- **DATA SECTION**
● ● ● ●

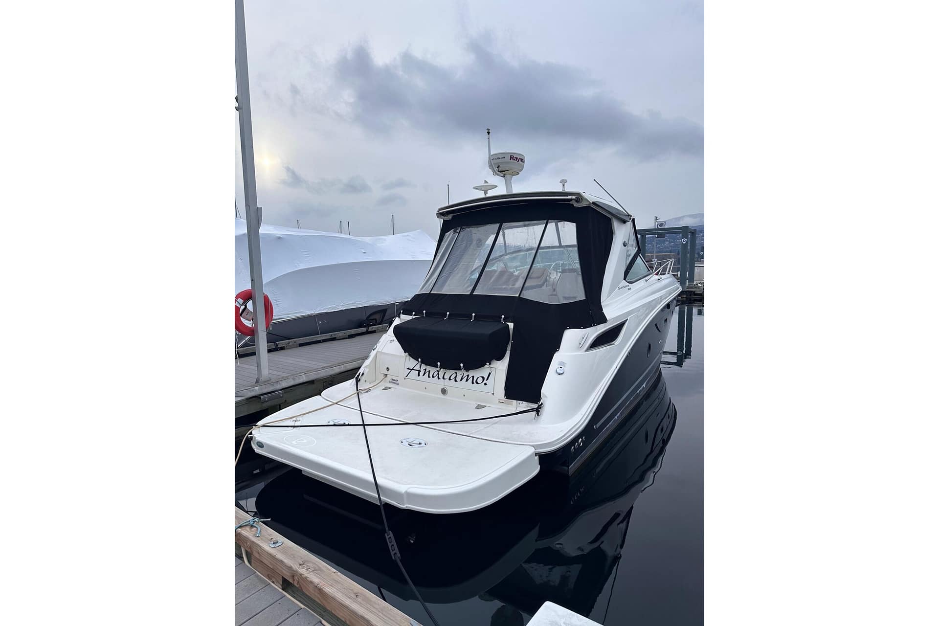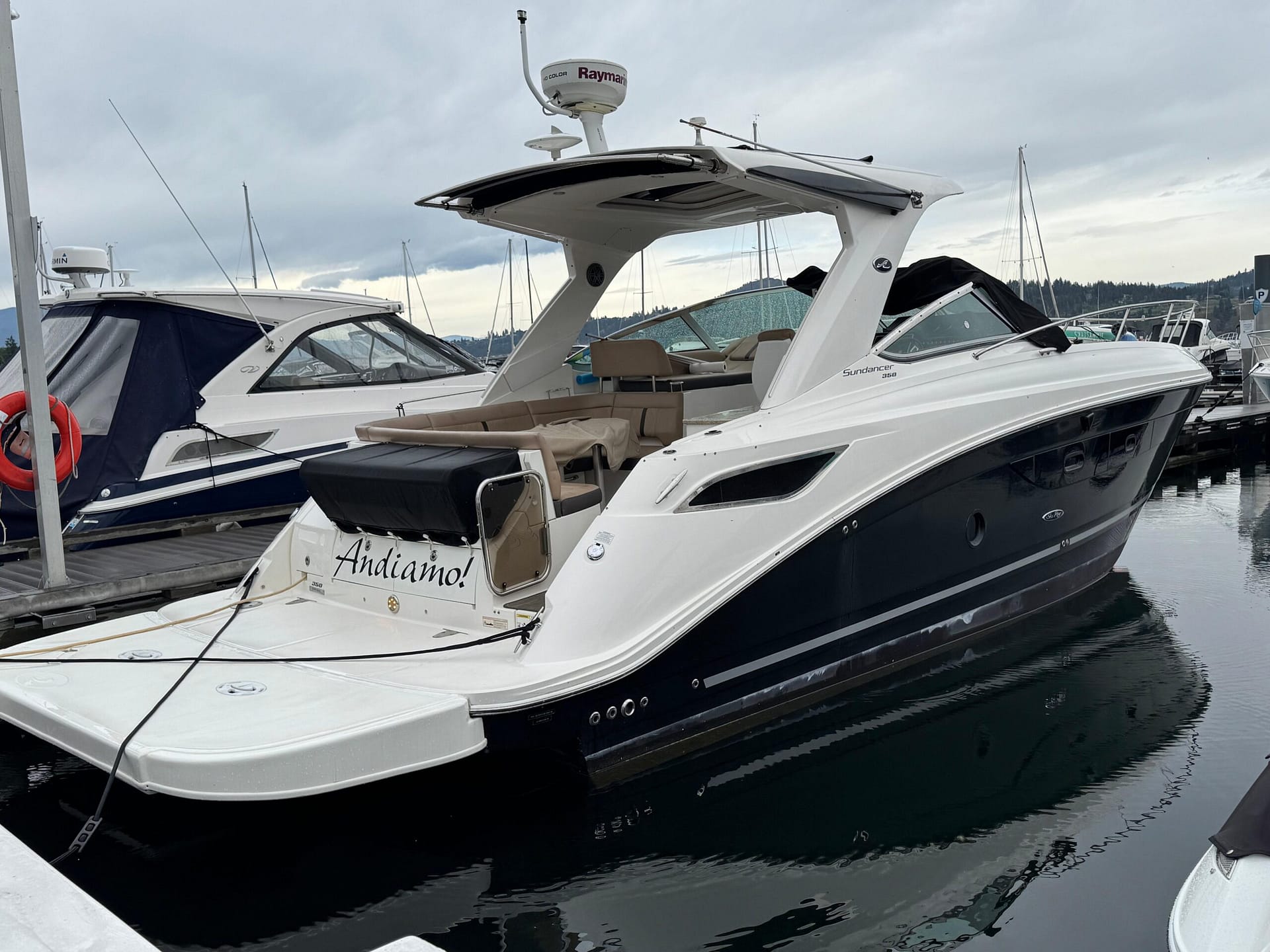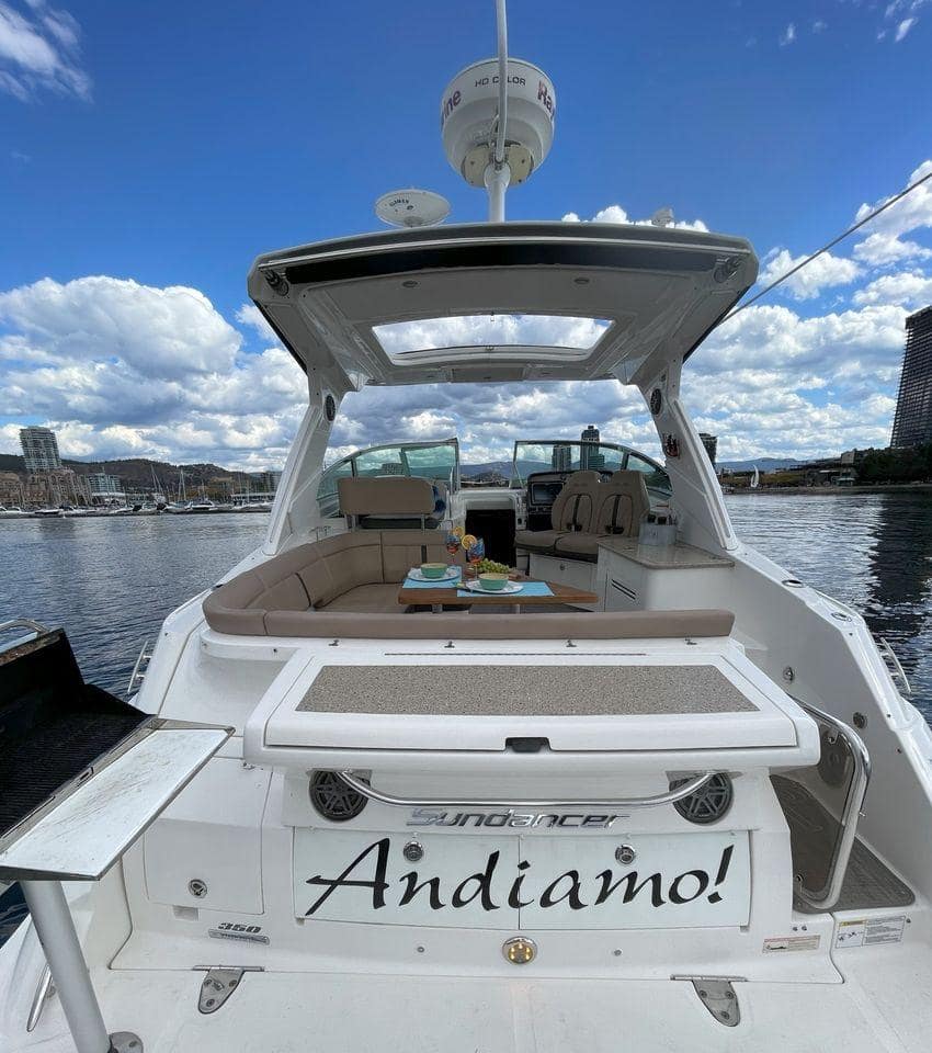 This stunning 2016 SR 350 Sundancer is powered by Twin (Upgraded) 8.2L MerCruisers V8 Big Block 375HP with closed loop cooling. (standard was 6.2L Merc 350HP)
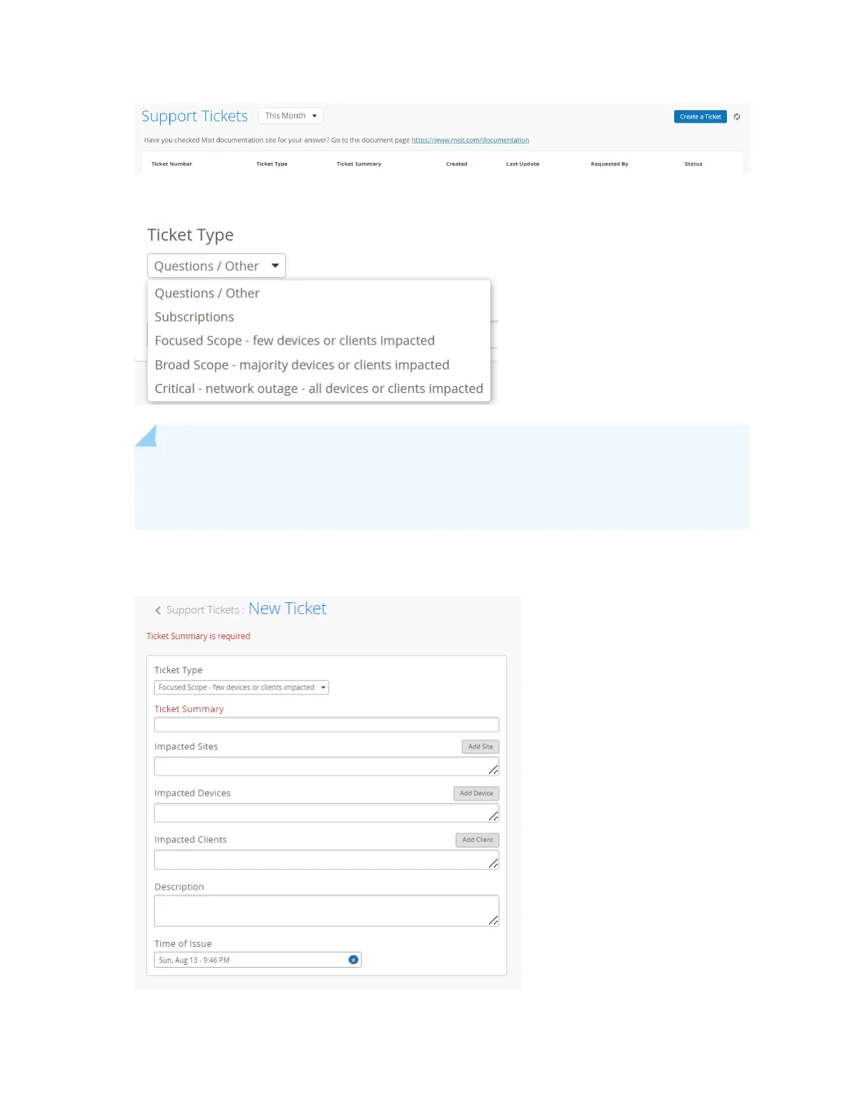 5. Enter a cket summary, and select the sites, devices, or clients that are impacted.
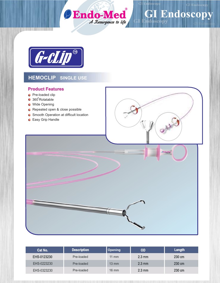 Endo-Med G-Clip (Hemoclip) is used through the working channel of endoscope, which is indicated for clip placement within digestive tract for the purpose of mechanical pressure treatment of bleeding of small arteries, Hemostasis of Bleeding ulcers, Mucosal/sub-mucosal defects etc. The device is supplied sterile and intended for single use only.

● ● ● ●

- **TASK DETAILS**
Print the full listing above exactly. Pictures stay out of the copy.

- **TASK RESPONSE**
 This stunning 2016 SR 350 Sundancer is powered by Twin (Upgraded) 8.2L MerCruisers V8 Big Block 375HP with closed loop cooling. (standard was 6.2L Merc 350HP)
 5. Enter a cket summary, and select the sites, devices, or clients that are impacted.
 Endo-Med G-Clip (Hemoclip) is used through the working channel of endoscope, which is indicated for clip placement within digestive tract for the purpose of mechanical pressure treatment of bleeding of small arteries, Hemostasis of Bleeding ulcers, Mucosal/sub-mucosal defects etc. The device is supplied sterile and intended for single use only.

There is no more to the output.